§ **AIM OF THE TASK**
With pictures left out, output word for word the lines from the one containing "아름다운 목판화 3 세트" through the end of the material below.

§ **DATA BLOCK**
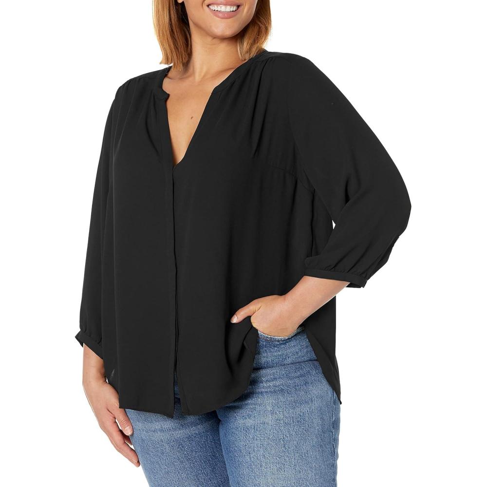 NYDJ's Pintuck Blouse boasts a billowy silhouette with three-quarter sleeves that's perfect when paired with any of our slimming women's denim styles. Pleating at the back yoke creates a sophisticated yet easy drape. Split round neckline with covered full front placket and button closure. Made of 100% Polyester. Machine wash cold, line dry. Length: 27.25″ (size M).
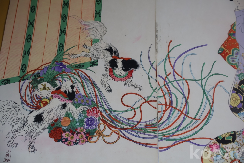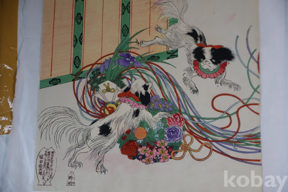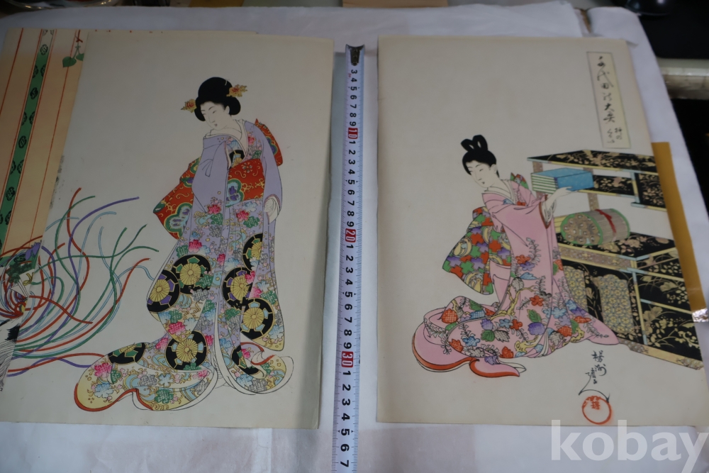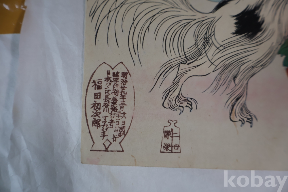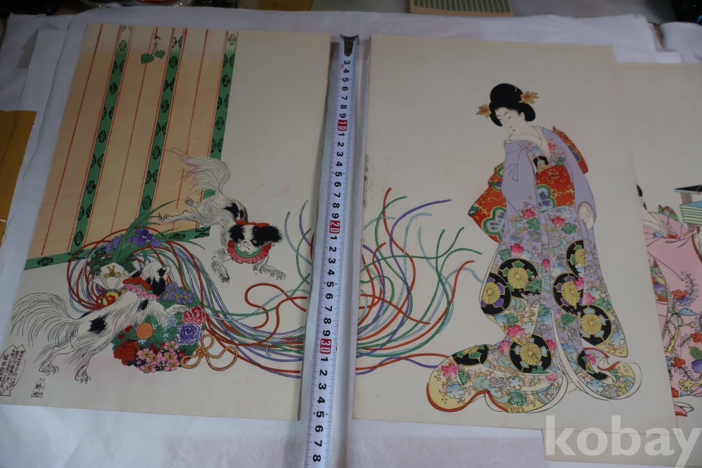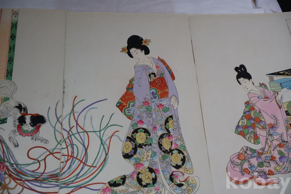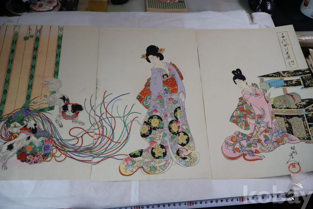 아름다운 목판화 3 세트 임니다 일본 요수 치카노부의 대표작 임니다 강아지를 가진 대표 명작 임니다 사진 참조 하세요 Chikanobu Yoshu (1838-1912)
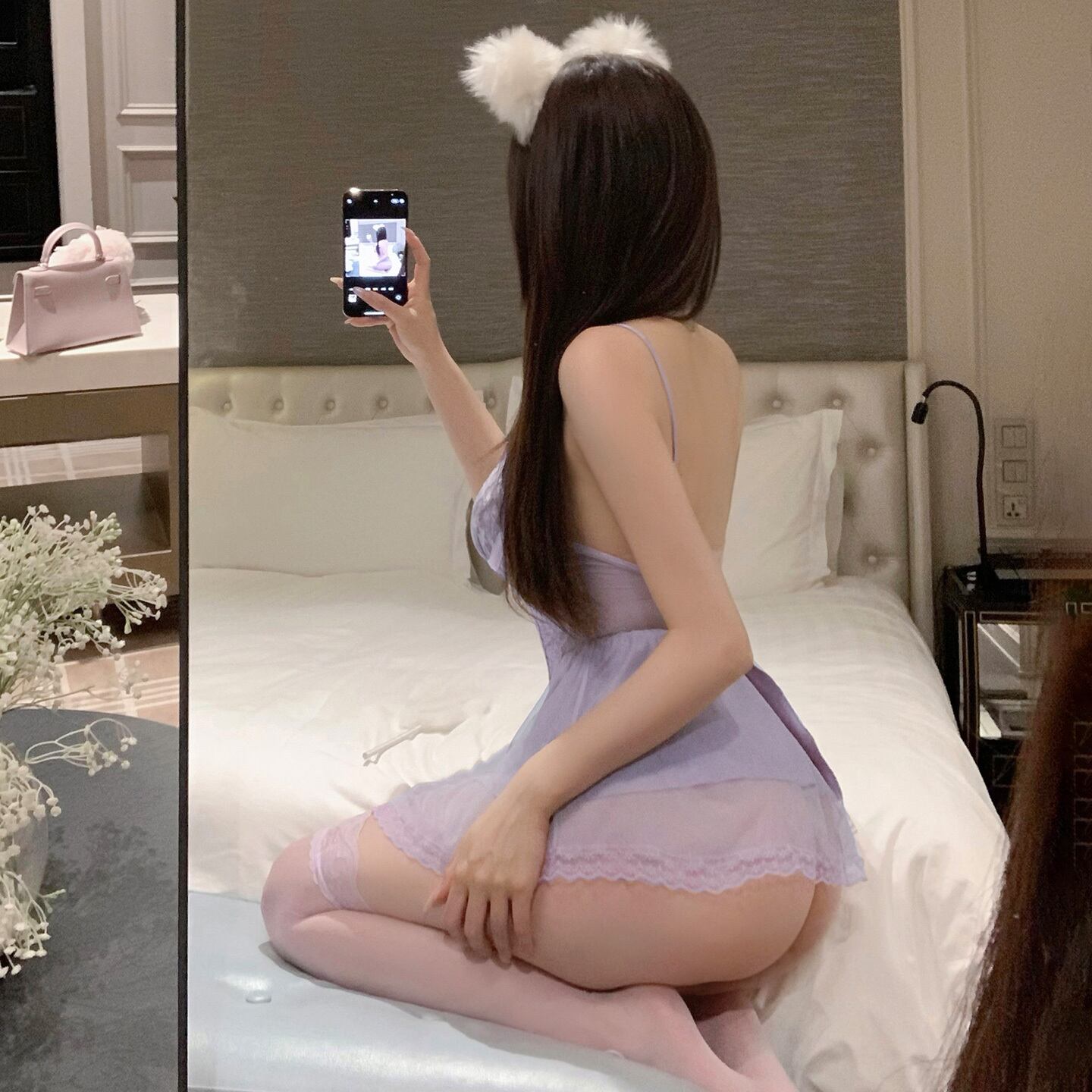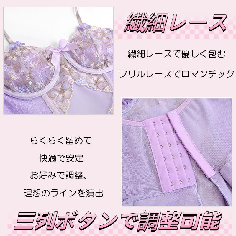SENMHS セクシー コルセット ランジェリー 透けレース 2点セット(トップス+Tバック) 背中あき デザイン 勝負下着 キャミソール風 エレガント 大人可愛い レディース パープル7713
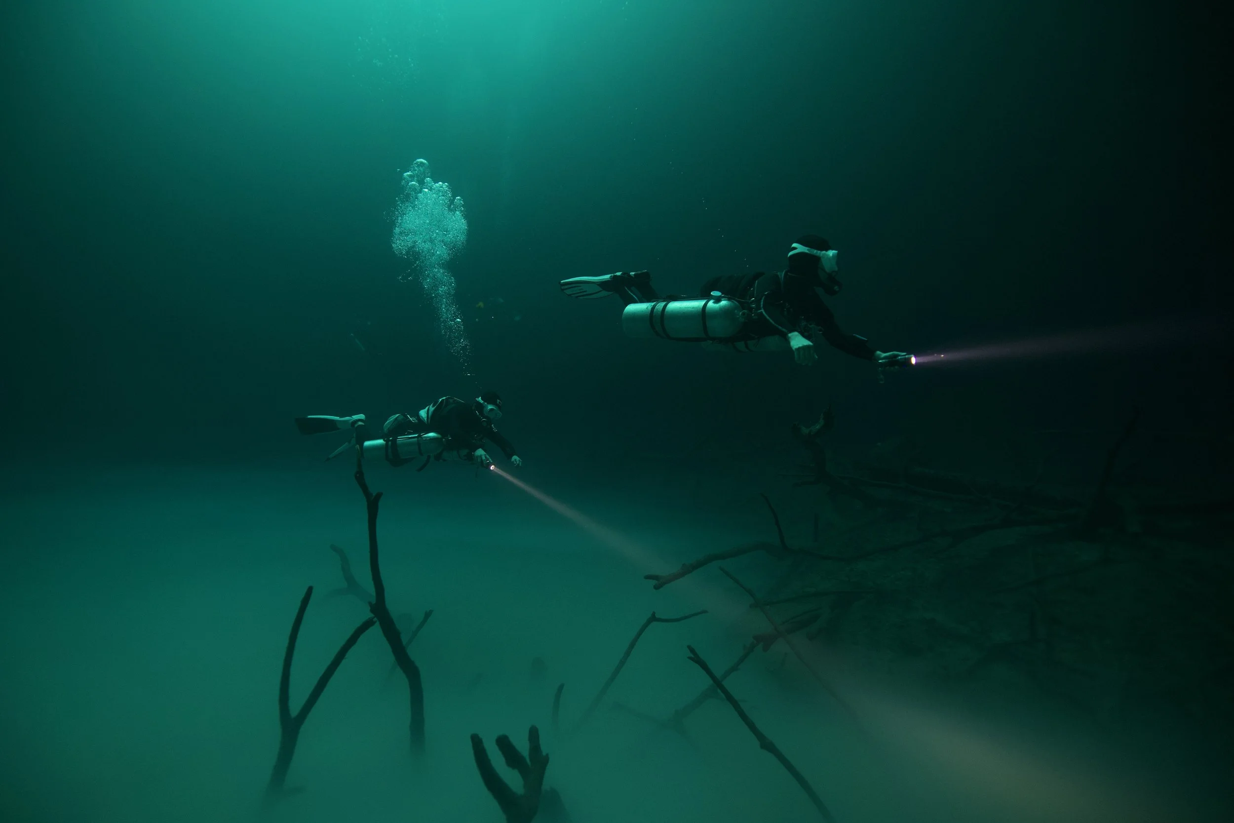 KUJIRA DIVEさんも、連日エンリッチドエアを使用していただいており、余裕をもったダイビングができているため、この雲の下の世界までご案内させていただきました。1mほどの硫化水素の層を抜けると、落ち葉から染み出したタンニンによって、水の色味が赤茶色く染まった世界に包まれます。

§ **SOLUTION TO THE EXERCISE**
 아름다운 목판화 3 세트 임니다 일본 요수 치카노부의 대표작 임니다 강아지를 가진 대표 명작 임니다 사진 참조 하세요 Chikanobu Yoshu (1838-1912)
SENMHS セクシー コルセット ランジェリー 透けレース 2点セット(トップス+Tバック) 背中あき デザイン 勝負下着 キャミソール風 エレガント 大人可愛い レディース パープル7713
 KUJIRA DIVEさんも、連日エンリッチドエアを使用していただいており、余裕をもったダイビングができているため、この雲の下の世界までご案内させていただきました。1mほどの硫化水素の層を抜けると、落ち葉から染み出したタンニンによって、水の色味が赤茶色く染まった世界に包まれます。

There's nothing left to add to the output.